Но сохранить эту тайну между ними двумя не получилось. Двери Шённ-Хауса всегда были открыты для париев – от музыки, живописи, поэзии, – для непризнанных гениев и новаторов, думающих слишком вперед для закостенелого общества. Некоторые из гостей были знакомы Адаму с университетских времен, некоторые стали его друзьями по переписке после разгромных статей. Так или иначе, в Шённ-Хаусе постоянно жил кто-то, справляющийся с творческим кризисом или зализывающий раны после безуспешной попытки изменить не готовый к этому мир. И, естественно, чудеса дома открывались и для них.
Постепенно вокруг общей тайны сформировалось тайное сообщество. Адам дал ему имя – Дозорные, придумал девиз – «реальность нерушима», который подчеркивал необходимость держать все изыскания в секрете. Дозорные изучали дом, фиксировали обнаруженные чудеса, выдвигали гипотезы об их природе, дополняли «дверную» карту Балога. Бени, конечно, оставался скептичным ко всей затее, но поддерживал Адама, обретшего новый смысл.
Скоре среди Дозорных появилась Катарина Бауэр, скандальная поэтесса, отказавшаяся выходить замуж за отцовского боевого товарища, спасшего тому жизнь на войне с Наполеоном. Ее дерзкий памфлет «Женщина как способ сказать “спасибо”» взорвал общество. А ее пронзительный взгляд и смелость суждений – представления Адама о женщинах. Они поженились в церквушке соседского городка, попав туда через дверь в подвале Дозорного Дома.

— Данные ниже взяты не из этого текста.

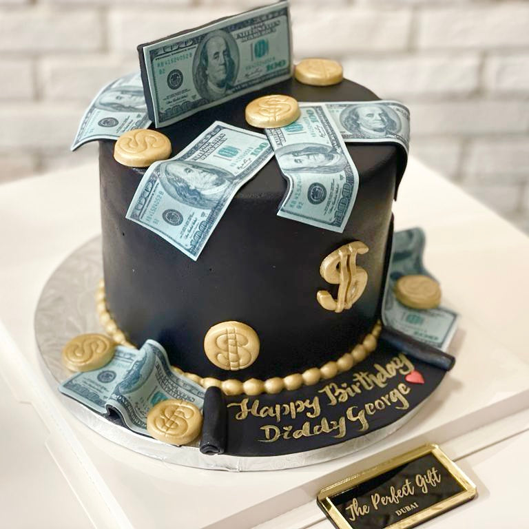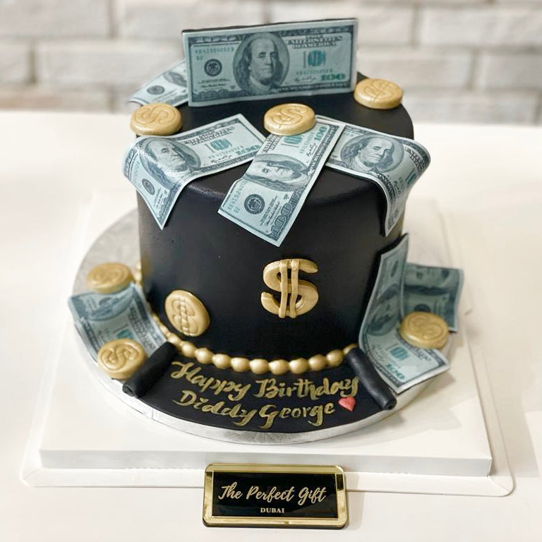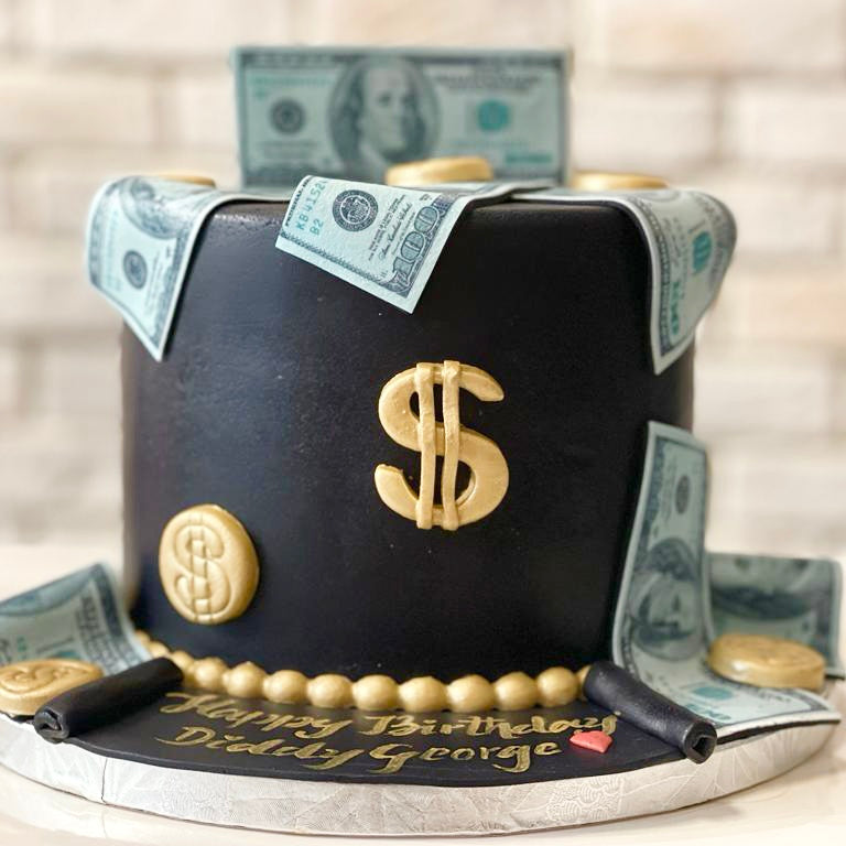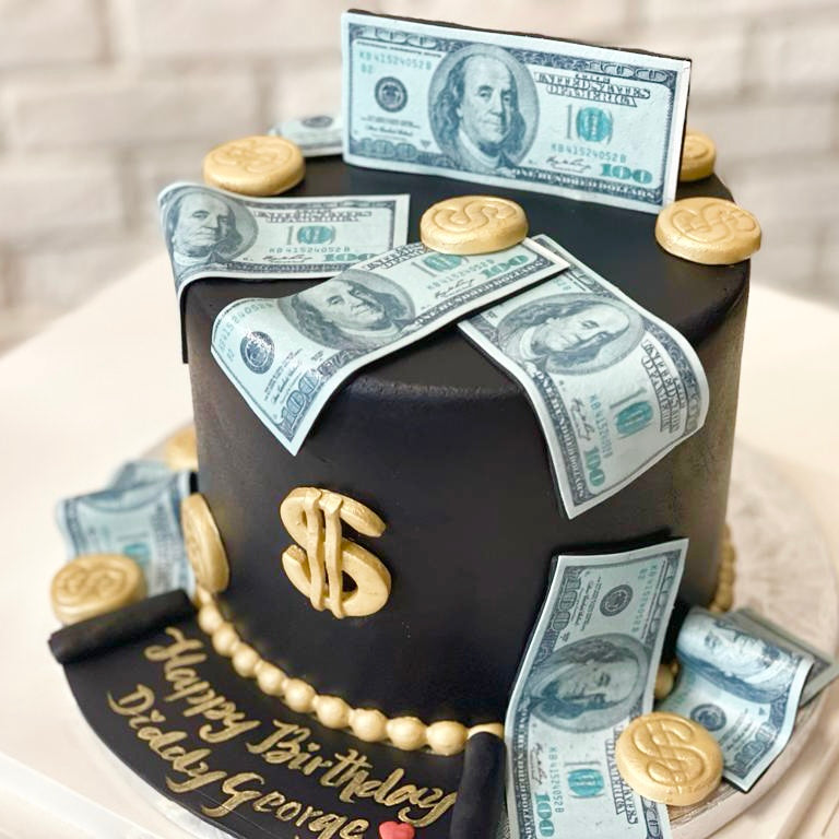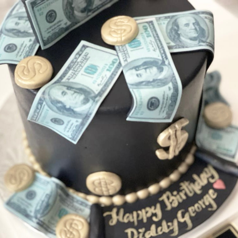 An Elegant black cake topped with dollar bills & coins! Perfect gift for him, your husband, boyfriend, father, friend or any recpient! Perfect for Birthday, Anniversary or any special occasion!
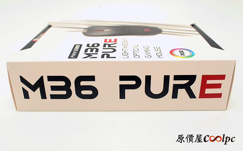 彩盒的包裝設計,除了有中央的滑鼠圖片外,一旁就是這次滑鼠的型號名稱「M36 PURE」!也可以看到這次採用的感應器為PWM3389,也具備RGB燈效!
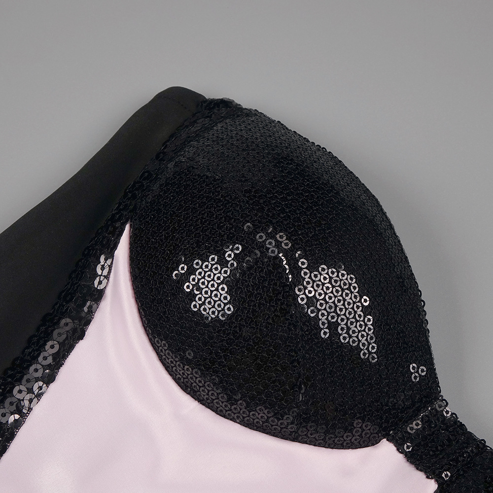 Pink Satin Sequin Ladies Formal Dress Tube Top Elegant

Вскоре после въезда Катарины в дом Балог с Тинкерфельдером разругались в пух и прах. Очевидцы говорили, будто Балог налетел на Тинкерфельдера прямо во дворе, и они катались в пыли, как мальчишки, щедро обмениваясь тумаками, после чего Балог оттолкнул Адама и бросился обратно в дом. Тинкельфельдер побежал следом, и к вечеру о ссоре напоминали только разбитые лица. Никто не знает, что было причиной ссоры, но через неделю Катарина уехала из Дозорного дома в Вену. Это лишь усугубило слухи об истинных отношениях, связывающих венского аристократа с венгерским мошенником.

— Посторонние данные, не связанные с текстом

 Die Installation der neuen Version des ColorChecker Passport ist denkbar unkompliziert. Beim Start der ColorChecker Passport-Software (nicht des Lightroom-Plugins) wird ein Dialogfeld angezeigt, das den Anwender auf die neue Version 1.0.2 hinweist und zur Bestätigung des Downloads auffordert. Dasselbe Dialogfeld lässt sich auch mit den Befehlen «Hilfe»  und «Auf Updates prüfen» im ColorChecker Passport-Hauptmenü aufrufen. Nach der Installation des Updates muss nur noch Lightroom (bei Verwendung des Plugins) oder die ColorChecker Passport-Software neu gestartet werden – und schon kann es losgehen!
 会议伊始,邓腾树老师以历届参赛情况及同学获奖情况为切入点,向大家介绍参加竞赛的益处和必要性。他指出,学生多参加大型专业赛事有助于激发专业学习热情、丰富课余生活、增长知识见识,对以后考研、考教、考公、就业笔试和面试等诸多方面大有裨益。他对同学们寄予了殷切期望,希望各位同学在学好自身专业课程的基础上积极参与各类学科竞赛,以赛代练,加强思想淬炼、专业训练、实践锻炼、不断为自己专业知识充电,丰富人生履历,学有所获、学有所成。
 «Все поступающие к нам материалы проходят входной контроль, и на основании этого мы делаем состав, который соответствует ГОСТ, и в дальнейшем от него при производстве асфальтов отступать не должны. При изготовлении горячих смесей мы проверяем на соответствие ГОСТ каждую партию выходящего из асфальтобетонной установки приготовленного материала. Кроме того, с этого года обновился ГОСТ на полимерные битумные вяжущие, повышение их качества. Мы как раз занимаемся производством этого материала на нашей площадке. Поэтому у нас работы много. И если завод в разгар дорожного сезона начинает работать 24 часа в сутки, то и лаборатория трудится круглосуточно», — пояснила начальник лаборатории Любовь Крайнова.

А затем Балог пропал. Он шагнул в одну из дверей Дозорного дома с охапкой записей, чтобы изучить новый маршрут, – и больше не вернулся. Адам, одержимый желанием найти его, пришел к мысли, что двери, из которой Бени должен был выйти, просто еще не существует. А значит, он должен создать еще один Шённ-Хаус, чтобы друг мог вернуться. Адам искал новые трудные участки, проектировал рисковые виллы, использовал необычные материалы. За два десятка лет он возвел множество домов, вызывавших удивление, а затем, с приближением эпохи модерна, восхищение публики. В некоторых домах жили чудеса, и двери порой вели в другие города, а то и страны. Но ни из одной из этих дверей Беньямин Балог так и не появился.

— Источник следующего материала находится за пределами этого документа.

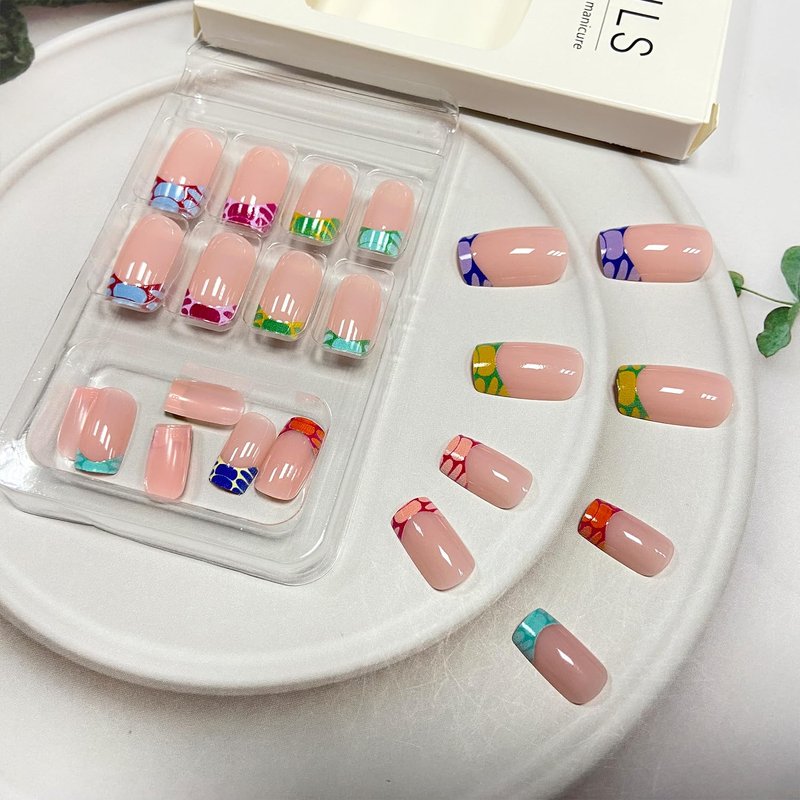 - 【Easy to Use】: Choose the suitable colorful french tip fake nails, polish the nail bed, paste the jelly glue we give you, press the fashion nail art in 30 seconds, and create the nail art that girls like,If the size is not suitable, it can be polished to the size of the nail cap with a friction tool.
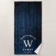 Ce design rustique a un arrière - plan en bois bleu marine et monogramme familial.
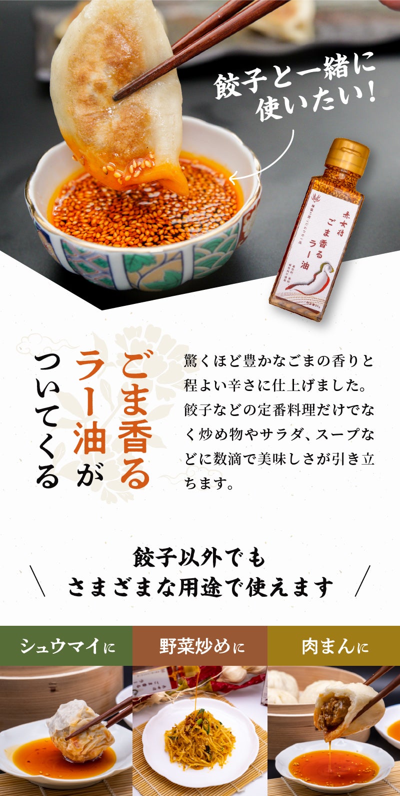 【原材料】:豚肉(国産)、小麦粉、豚骨スープ(豚背骨、豚皮、豚足、鶏ガラ)、ネギ、生姜、サラダ油、オイスターソース、醤油、ごま油、塩胡椒、砂糖
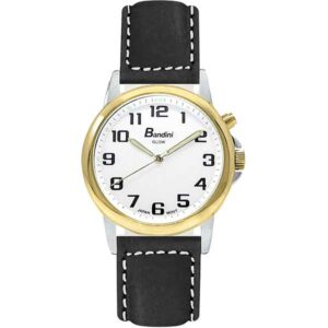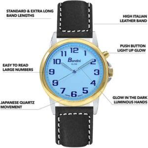Bandini Mens Glow Watch – Leather Band – 38mm Analog Men’s Easy to Read Wrist Watch with Light, Light Up Watches, Quartz, White Dial, Big Numbers, Glow in the Dark Hands – Two-Tone / Black
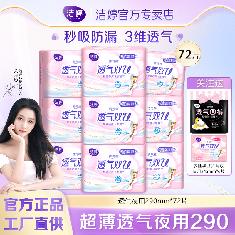 潔婷衛生巾透氣雙U夜用290棉柔超薄親膚姨媽巾關曉彤同款正品整箱
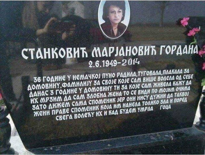 Ako ne vjerujete, evo šta piše na spomeniku jedne Gordane Stanković:
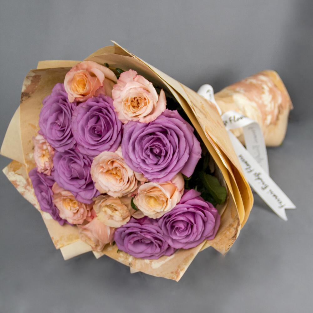 A hand bouquet of purple and peach roses
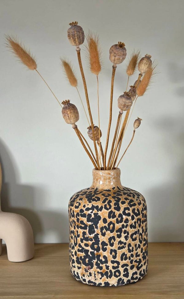 De keramieken Vaas Panterprint is een echte eyecatcher voor in jouw interieur! Met zijn trendy printje en stijlvolle vormgeving brengt deze kleinere vaas direct een speelse, maar chique uitstraling in huis. Perfect voor droogbloemen of gewoon als decoratief item op zich.
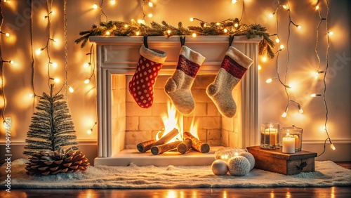 Cozy Fireplace Christmas Stockings Minimalist Photography
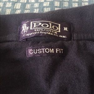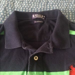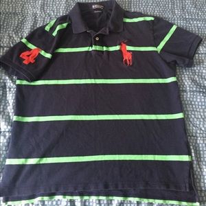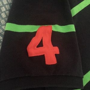 A beautiful navy blue, lime green, and red polo shirt. Features horizontal stripes all along the shirt, a large embroidered Polo logo on the left side of the chest, and an embroidered number 4 on the right sleeve. 9/10 condition. Size says XL but fits more like a Medium.
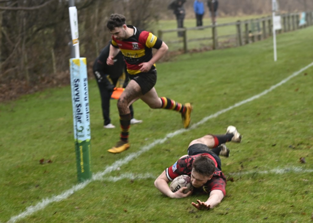 The early play was in the visitors’ half and Jack Frame opened the scoring with a penalty kick in the first few minutes. This was soon followed by a fine try out wide from the in-form Ru Stewart after good work down the left wing by Ross Tulloch, and a strong driving thrust by Kieran Cochrane. This allowed Archie Rusack to release the backs and Jack Frame gave the scoring pass to Ru Stewart who sprinted in for the try.

Пока Тинкерфельдер мотался по Европе между строительствами и понемногу сходил с ума, остальные Дозорные продолжали дело, начатое в Шённ-Хаусе. Даже Катарина, формально оставаясь женой Тинкерфельдера, вернулась к своим обязанностям.
Когда пришло время, первые Дозорные посвятили в тайны Дозорного дома своих детей. Годы шли, люди умирали, вспыхивали войны, рушились империи. В мире начало появляться метро, ставшее средоточием пространственных аномалий. Дозорные менялись, и не всегда среди них оказывались порядочные люди.
В конце концов, именно поэтому один из особняков Тинкерфельдера попал в руки Анджеле Боттичелли.